Animal House, 106-125 Highway 33 E

Vernon
Total Pet, 3302 32 St

Pet Land, 5604 24th Street

AJ's Pets and Things, 3219 31 Ave

Armstrong

AJ's Pets and Things, 3300 Smith Drive Armstrong

Salmon Arm

Animal House, Unit#5 - 1050 10th Ave SW

Critters & Supplies, 271A Trans Can Hwy NE

Kamloops

Total Pet, 480 Tranquille Rd

---

I will say most if not all the stores in the Okanagan have prices that for the most part start at the highest prices we see down in Vancouver, of course I didn't make a list of prices or intentionally looked at them so I could be wrong. The few things I know I purchase or things that stood out, that is the tendency I noticed. We should consider ourselves very lucky with having stores in Vancouver such as we do like IPU, J&L Aquatics, King Ed Pet Centre, Aquarium West. Nothing in the Okanagan that I went to comes even close to these or others in Vancouver that I didn't just list.

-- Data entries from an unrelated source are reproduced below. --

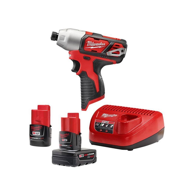 Milwaukee 48-59-2424-2462-20 M12 12-Volt Lithium-Ion 4.0 Ah and 2.0 Ah Battery Packs and Charger Starter Kit w/ 1/4 in. Impact DriverThe Milwaukee M12 XC High Capacity REDLITHIUM Battery is designed with superior pack construction, electronics and performance to optimize work per charge and work over pack life. It offers 4.0 Amp hours of runtime. with built-in Milwaukee durability, this battery runs cooler and performs in climates below 0F/minus 18C. Managed by Milwaukees exclusive REDLINK Intelligence, the battery features overload protection to prevent users from damaging their cordless power tools in heavy-duty situations, while the discharge protection prevents cell damage. The temperature management system and individual cell monitoring help maximize battery life. Use this REDLITHIUM extended-capacity battery to power all Milwaukee M12 cordless power tools. M12 Cordless 1/4 in. Impact Driver delivers unmatched fastening performance in a lightweight, tool belt portable design. A high performance motor delivers 0-2,500 RPM for increased application speed. Additionally, an on-board battery fuel gauge displays remaining run time.Fuel gauge onboard: displays remaining runtimeRedlink plus intelligence: provides optimized performance and overload protection using total system communication between tool, battery and chargerAll-weather performance: delivers fade-free power in extreme jobsite conditionsVersatility: powers 100+ Milwaukee M12 cordless solutionsResists drainage when not in useFlat-bottom base allows tools to stand upright3-year limited warrantyCompatible with all M12 cordless power toolsDelivers long life and run time with fade-free powerIncludes: (1) M12 Charger (48-59-2401), (1) M12 REDLITHIUM XC4.0 extended capacity battery pack (48-11-2440), (1) M12 REDLITHIUM CP2.0 compact battery pack (48-11-2420) and Includes: (1) M12 in. hex impact driver (tool only) (2462-20)DetailsBattery Power TypeLithium IonCharger IncludedCharger IncludedColor FamilyRedNumber of Total Batteries Included2Power Tool FeaturesNo Additional FeaturesVoltage (V)12 V
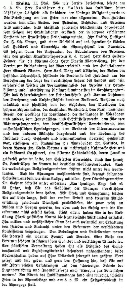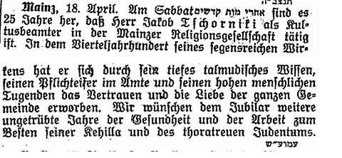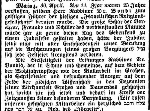 Beiträgen zur jüdischen Geschichte in Mainz wurden in jüdischen Periodika
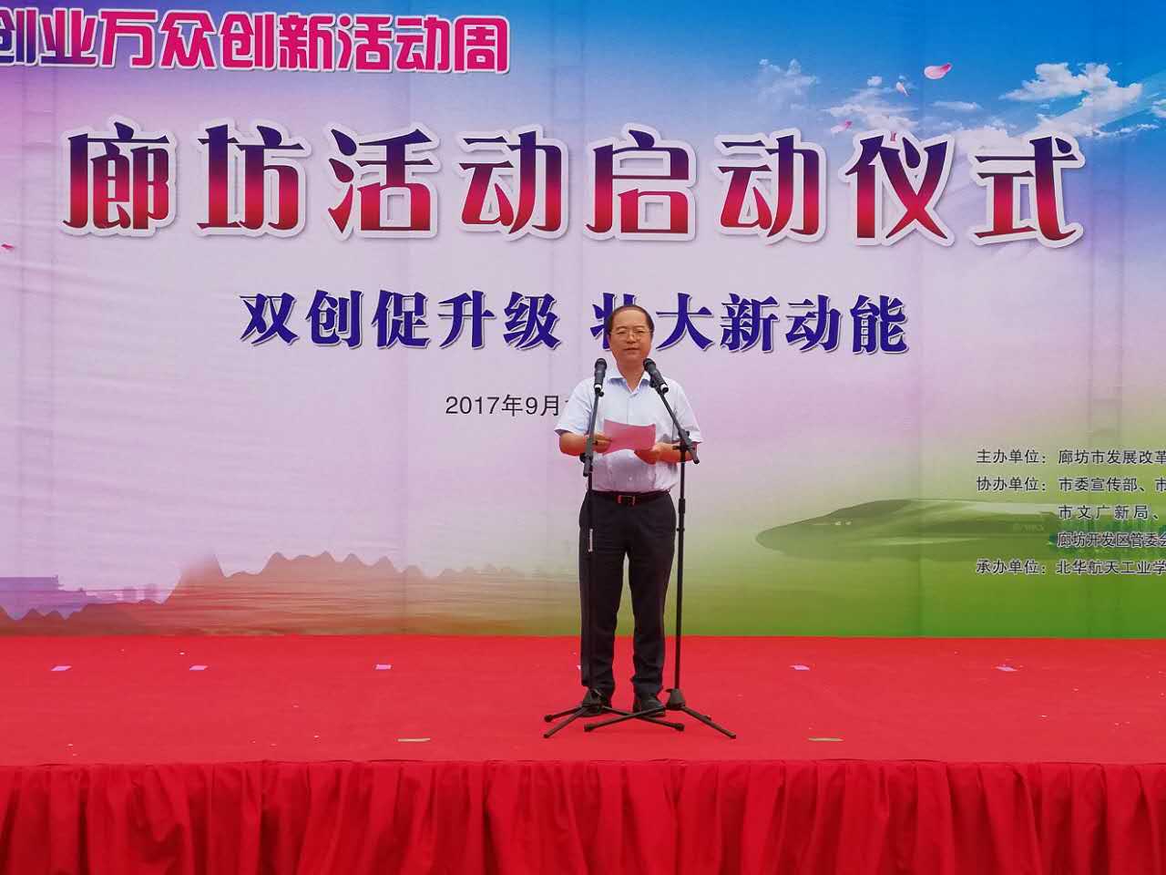 9月16日,2017年全国大众创业万众创新活动周廊坊活动在北华航天工业学院正式启动。市委常委、常务副市长贾永清出席启动仪式并讲话,中国工程院院士赵文津应邀出席启动仪式。

Kelowna, by far had the best selection of stores from what I visit with The Purple Seahorse Pet Store being the highlight of all the shops. It seemed to me about half of the tanks they had were salt water with a wide variety of different fish in both salt and freshwater. My kids enjoyed looking at the Madarin Goby and Lion fish as well as having one of the birds every once and awhile say hello. Tanks appeared to be well cared for and was also the busiest of all the stores. Pet City, I believe it was the owner that was behind the counter when I was in the store. The tanks looked well taken care of, good lighting, strong and good looking stock. It was a smaller store and had a number of fresh water tanks and I believe a few salt. The store had a couple of medium/large pieces of driftwood/stumps which were rather interesting and if it was in Vancouver they'd have been bought already. Prices for driftwood seemed in line to what we are accustomed to and the guy at the store was telling me he could get pieces much larger then what he had as there were 2 sizes above what he had stocked! Animal House in Kelowna, walked in, walked around, seemed to be a number of staff working, never once even got a hello. Noticed a few dead fish in the tanks, the tanks did look clean and there was a girl doing some maintenance so I assume I walked in at the wrong time! This store was probably the smallest selection out of all in Kelowna.

Armstrong being a small town only has the one store with fish in it. AJ's pets and things. Lady working there that day shows she has pride in her job, had fun showing the kids different things, talking about her own fish and so on. Selection wasn't huge but was well maintained.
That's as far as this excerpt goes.